Equitable Sharing Agreement and Certification Reports – We found that the Lexington PD did not submit its FY 2016 and FY 2017 certification reports in a timely manner. In addition, we found that the Lexington PD overstated the amount of total expenditures on the FY 2016 certification report by $11,037.
Accounting for and Use of Equitable Sharing Funds – We found that the Lexington PD had deposited a portion of the DOJ equitable sharing revenues in a non-FDIC insured money market mutual fund account, which is in violation of DOJ Equitable Sharing Program guidance. In addition, we found that the Lexington PD spent $38,735 in equitable sharing funds for unallowable fringe benefit costs. The Lexington PD also used equitable sharing funds as advance payment for expenditures that were subsequently reimbursed by other funding sources.

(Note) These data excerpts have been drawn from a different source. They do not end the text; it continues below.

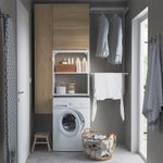 Если решения для хранения закреплены на стене, у вас освобождается место на полу для стиральной машины и корзины для белья.
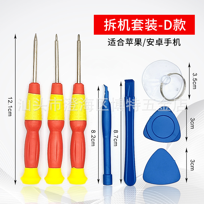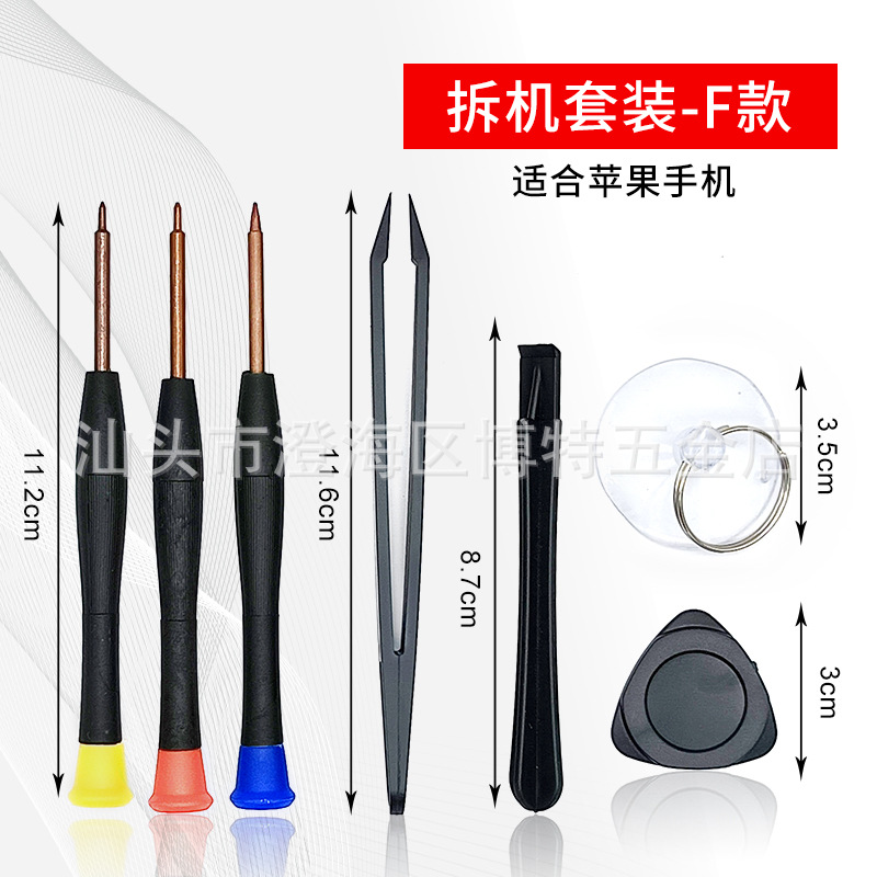 苹果拆机8件套(可拆苹果全系列手机)一套包含:1.5十字螺丝刀1把.0.8五星螺丝刀1把.0.6Y型螺丝刀1把..撬机棒2根.三角片2片.3.5吸盘一个.
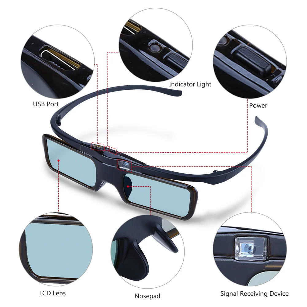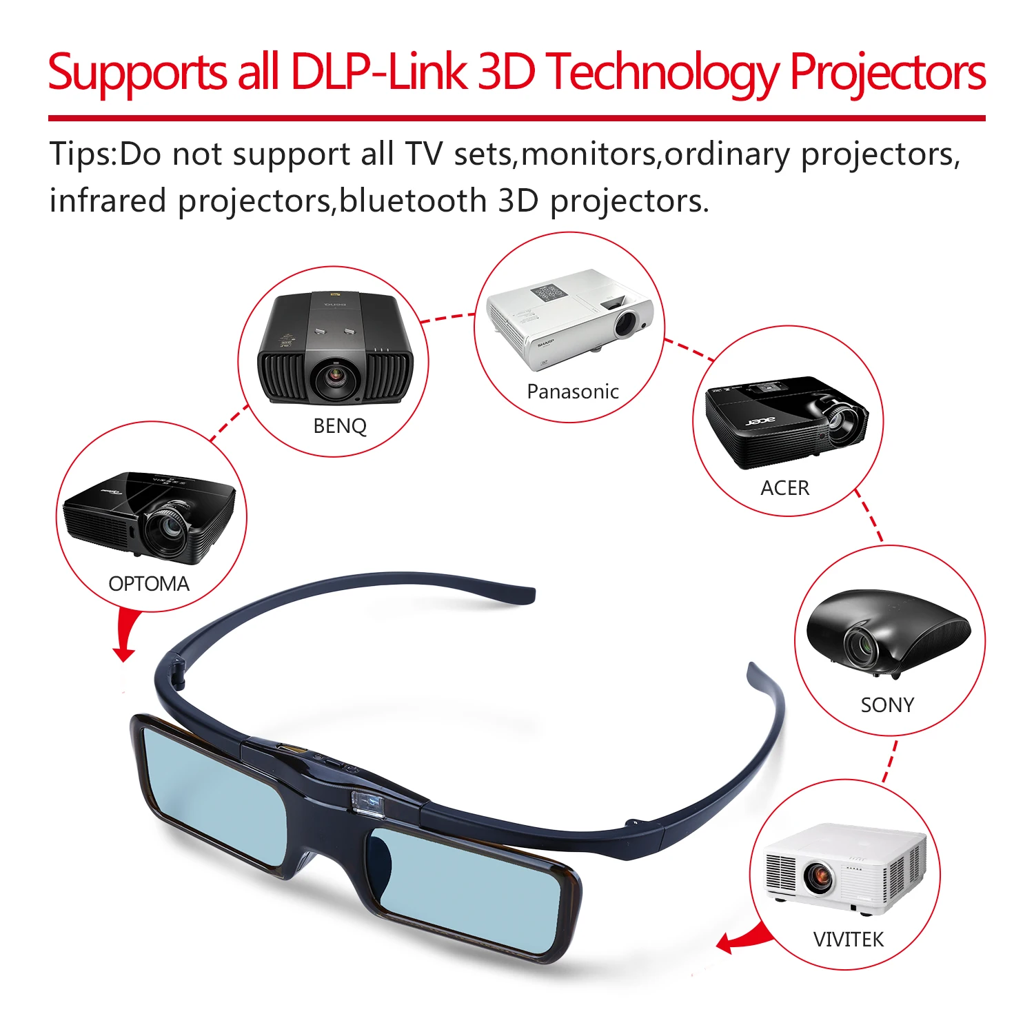 VR BOBLOV 3D DLP 링크 프로젝터용 충전식 LCD 액티브 셔터 안경 MX30 DLP 링크 96HZ 144HZ
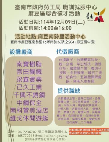 為打造黃偉哲市長「希望家園」的施政願景,勞工局積極辦理各項就業徵才活動,並因應產業求才需求,勞工局職訓就服中心將於12月09日(二)14:00至16:00時在麻豆南勢里活動中心(臺南市麻豆區南勢里16鄰南勢36號之204 /麻豆國中旁)『麻豆徵才活動』,邀請20家廠商提供678個職缺,歡迎求職民眾踴躍前往參加,洽詢電話:06-7236702
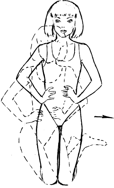 3. Исходное положение – стоя, руки на поясе. Слегка приседая, сделайте горизонтальный круг коленями вправо. Вернитесь в исходное положение. Повторите то же в другую сторону.
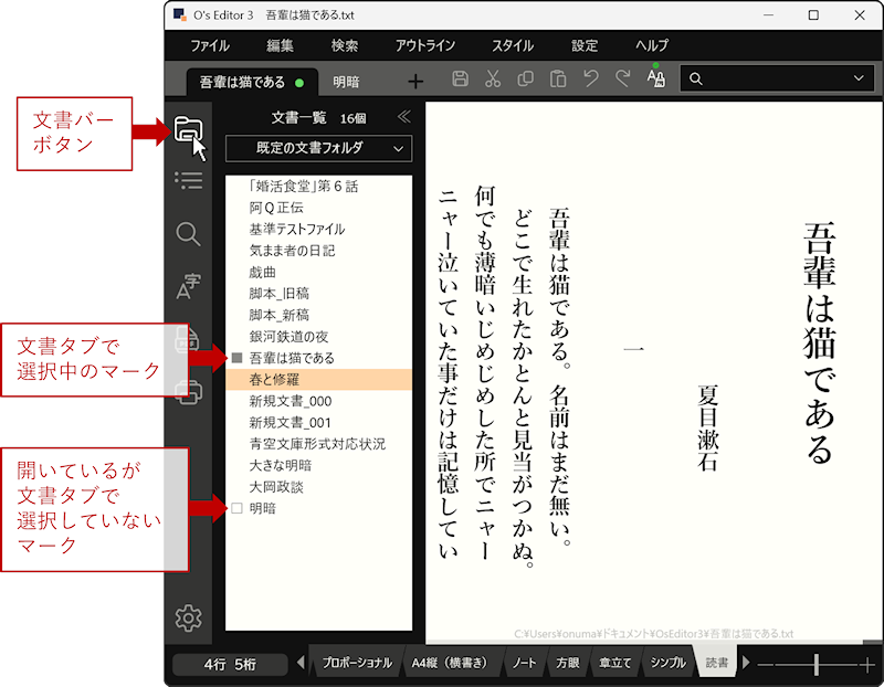アクションバーの一番上にあるボタンをクリックするとサイドバーの1つである文書バーが表示されます。文書バーは「規定の文書フォルダ」や「バックアップフォルダ」、あるいはユーザーによって設定されたフォルダなどを選択し、そのフォルダに含まれる文書を一覧したものです。ファイル名から拡張子を除いた名前がリスト化されていますのでダブルクリックすることで開くことができます。すでに開いているファイル名の先頭にはマーク表記が付加されます。

Compliance with Audit Requirements – We found the FY 2016 Single Audit Report for the Lexington-Fayette Urban County Government inaccurately identified the total amount of DOJ equitable sharing expenditures.“Audit of the Lexington Police Department’s Equitable Sharing Program Activities, Lexington, Kentucky,” DOJ, March 2018
Given LPD’s difficulty with compliance in the past, one can imagine a future where the Council sees a need to add additional oversight and guidance to the program. The Fraternal Order of Police ran several candidates for Council in November who were resoundingly defeated by more progressive challengers.
One thing the incoming Council should consider is limiting Division of Police capital projects to items that can be funded through the Police Asset Forfeiture Fund. If the Police truly think Flock license plate readers, military style body armor, and the latest and greatest traffic cameras are a good, efficient use of public money, then let it come out of their slice. If the Police were forced to tap into their own fund for new toys instead of dipping into the General Fund, they may discover what millions of Kentucky families already know: in tough times, you have to make sacrifices.
Giving your child a new iPhone for Christmas every year would certainly make them happy, but over the long term it will make the child feel entitled, as well as having negative financial consequences for you. In this case Council needs to tell their “child” that they can have the new iPhone, but they will need to pay for it out of their own allowance.
Final thought: Imagine the difference an additional $500,000 in General Funds could have made if they were put towards recovery and overdose prevention.